[BRIEF] What you should give back is a precise copy of the lines below from the one containing "Fleet Street Bloodworks, Fresh" through the one containing "ラウンドネック長袖Tシャツ", with no pictures.

[EXTRACTED INFORMATION]
######

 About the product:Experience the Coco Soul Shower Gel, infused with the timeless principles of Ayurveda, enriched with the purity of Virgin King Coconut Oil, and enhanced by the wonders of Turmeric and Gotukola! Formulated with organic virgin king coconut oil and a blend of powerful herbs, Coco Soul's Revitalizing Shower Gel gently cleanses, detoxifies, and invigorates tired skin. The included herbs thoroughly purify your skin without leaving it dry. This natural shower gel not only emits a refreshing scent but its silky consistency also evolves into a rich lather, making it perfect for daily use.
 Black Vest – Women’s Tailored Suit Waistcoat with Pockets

######

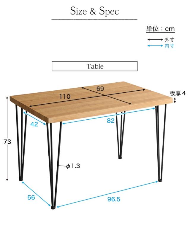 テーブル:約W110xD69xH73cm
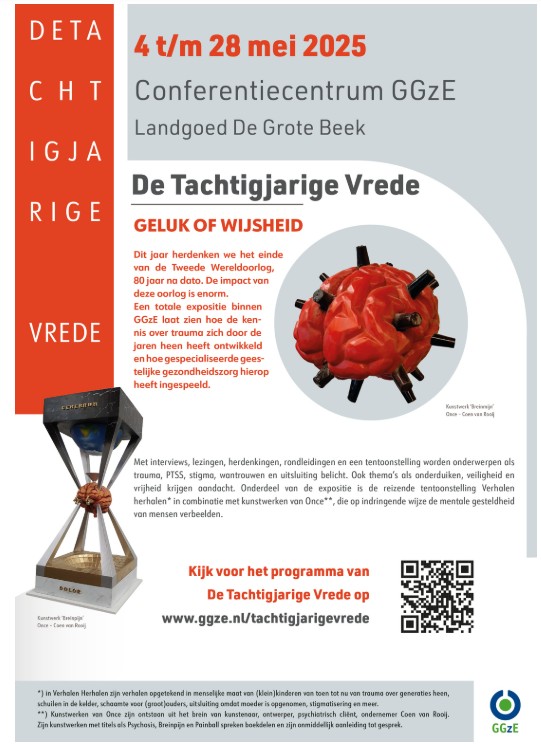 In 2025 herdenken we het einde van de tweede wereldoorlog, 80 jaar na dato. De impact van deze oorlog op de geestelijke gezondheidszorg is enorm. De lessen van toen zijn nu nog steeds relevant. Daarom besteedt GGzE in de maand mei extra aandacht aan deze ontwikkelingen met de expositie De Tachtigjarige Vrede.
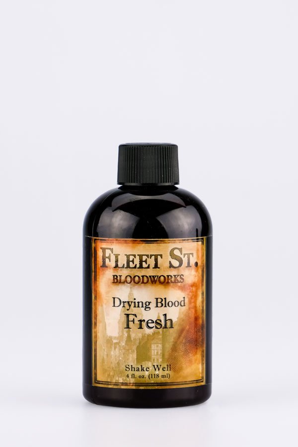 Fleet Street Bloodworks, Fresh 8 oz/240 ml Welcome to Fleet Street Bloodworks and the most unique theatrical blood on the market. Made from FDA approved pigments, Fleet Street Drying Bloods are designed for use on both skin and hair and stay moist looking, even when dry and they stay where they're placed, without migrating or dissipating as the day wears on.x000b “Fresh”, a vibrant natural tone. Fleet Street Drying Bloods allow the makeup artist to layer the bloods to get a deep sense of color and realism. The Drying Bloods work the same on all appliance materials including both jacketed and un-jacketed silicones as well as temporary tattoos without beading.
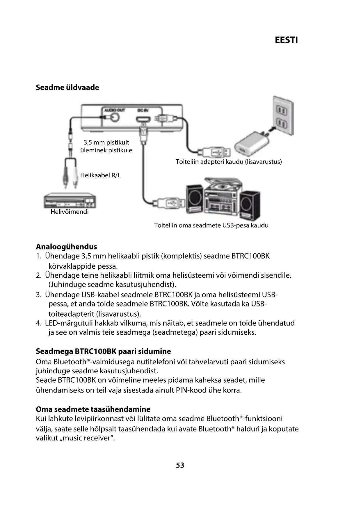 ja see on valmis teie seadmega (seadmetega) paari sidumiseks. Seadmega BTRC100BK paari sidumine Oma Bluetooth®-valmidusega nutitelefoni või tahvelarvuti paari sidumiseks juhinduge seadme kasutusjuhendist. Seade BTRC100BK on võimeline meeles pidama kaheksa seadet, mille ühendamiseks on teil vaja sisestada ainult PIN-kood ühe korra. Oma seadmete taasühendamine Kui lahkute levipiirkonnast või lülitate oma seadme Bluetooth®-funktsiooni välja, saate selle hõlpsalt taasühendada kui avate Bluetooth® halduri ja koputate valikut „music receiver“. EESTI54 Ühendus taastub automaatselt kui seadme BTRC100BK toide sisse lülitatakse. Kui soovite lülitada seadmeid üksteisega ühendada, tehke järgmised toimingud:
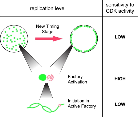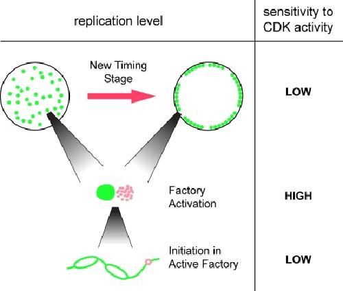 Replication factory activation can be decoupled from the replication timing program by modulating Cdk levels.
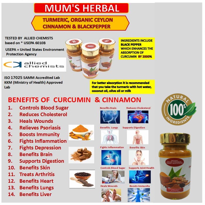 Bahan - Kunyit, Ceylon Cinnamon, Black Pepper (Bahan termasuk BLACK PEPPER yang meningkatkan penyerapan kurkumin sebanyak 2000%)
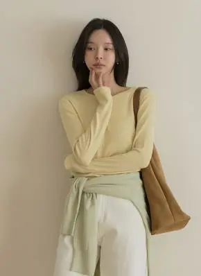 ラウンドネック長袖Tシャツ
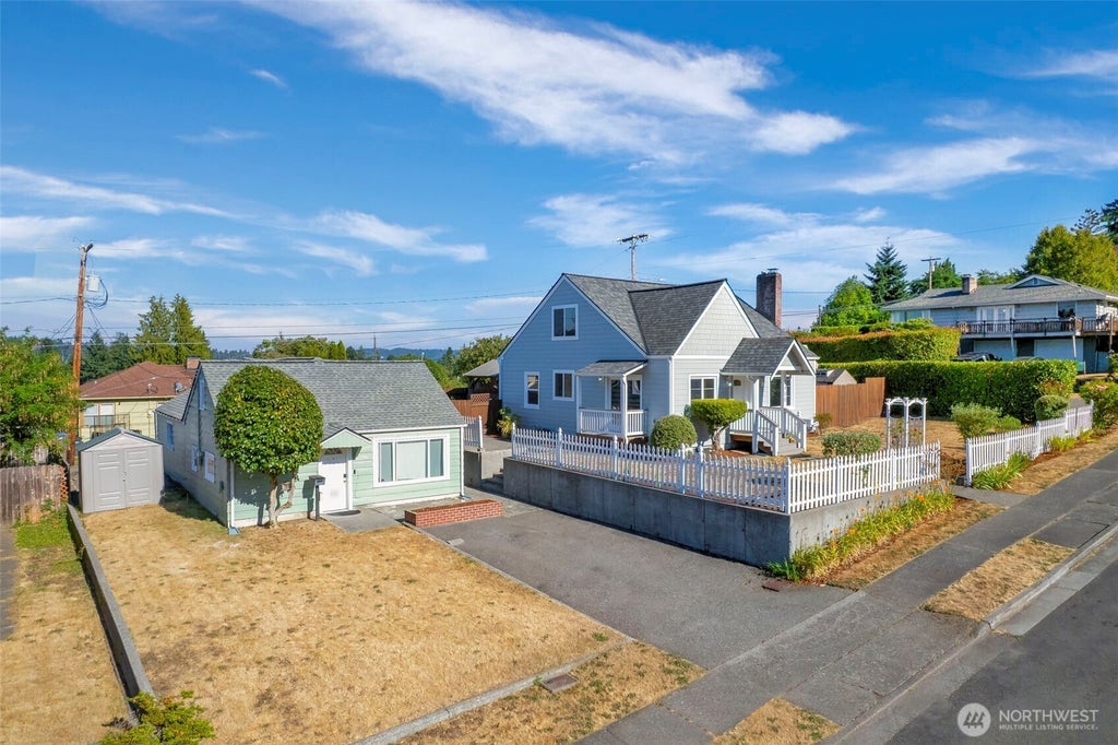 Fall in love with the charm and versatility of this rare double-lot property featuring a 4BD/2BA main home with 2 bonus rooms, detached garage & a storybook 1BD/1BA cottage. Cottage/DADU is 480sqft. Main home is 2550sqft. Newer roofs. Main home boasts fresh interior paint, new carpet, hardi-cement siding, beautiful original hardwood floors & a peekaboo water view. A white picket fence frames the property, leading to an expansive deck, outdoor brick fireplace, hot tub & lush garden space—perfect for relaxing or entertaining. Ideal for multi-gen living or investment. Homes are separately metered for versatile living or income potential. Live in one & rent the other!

######

[OUTPUT BELOW]
 Fleet Street Bloodworks, Fresh 8 oz/240 ml Welcome to Fleet Street Bloodworks and the most unique theatrical blood on the market. Made from FDA approved pigments, Fleet Street Drying Bloods are designed for use on both skin and hair and stay moist looking, even when dry and they stay where they're placed, without migrating or dissipating as the day wears on.x000b “Fresh”, a vibrant natural tone. Fleet Street Drying Bloods allow the makeup artist to layer the bloods to get a deep sense of color and realism. The Drying Bloods work the same on all appliance materials including both jacketed and un-jacketed silicones as well as temporary tattoos without beading.
 ja see on valmis teie seadmega (seadmetega) paari sidumiseks. Seadmega BTRC100BK paari sidumine Oma Bluetooth®-valmidusega nutitelefoni või tahvelarvuti paari sidumiseks juhinduge seadme kasutusjuhendist. Seade BTRC100BK on võimeline meeles pidama kaheksa seadet, mille ühendamiseks on teil vaja sisestada ainult PIN-kood ühe korra. Oma seadmete taasühendamine Kui lahkute levipiirkonnast või lülitate oma seadme Bluetooth®-funktsiooni välja, saate selle hõlpsalt taasühendada kui avate Bluetooth® halduri ja koputate valikut „music receiver“. EESTI54 Ühendus taastub automaatselt kui seadme BTRC100BK toide sisse lülitatakse. Kui soovite lülitada seadmeid üksteisega ühendada, tehke järgmised toimingud:
 Replication factory activation can be decoupled from the replication timing program by modulating Cdk levels.
 Bahan - Kunyit, Ceylon Cinnamon, Black Pepper (Bahan termasuk BLACK PEPPER yang meningkatkan penyerapan kurkumin sebanyak 2000%)
 ラウンドネック長袖Tシャツ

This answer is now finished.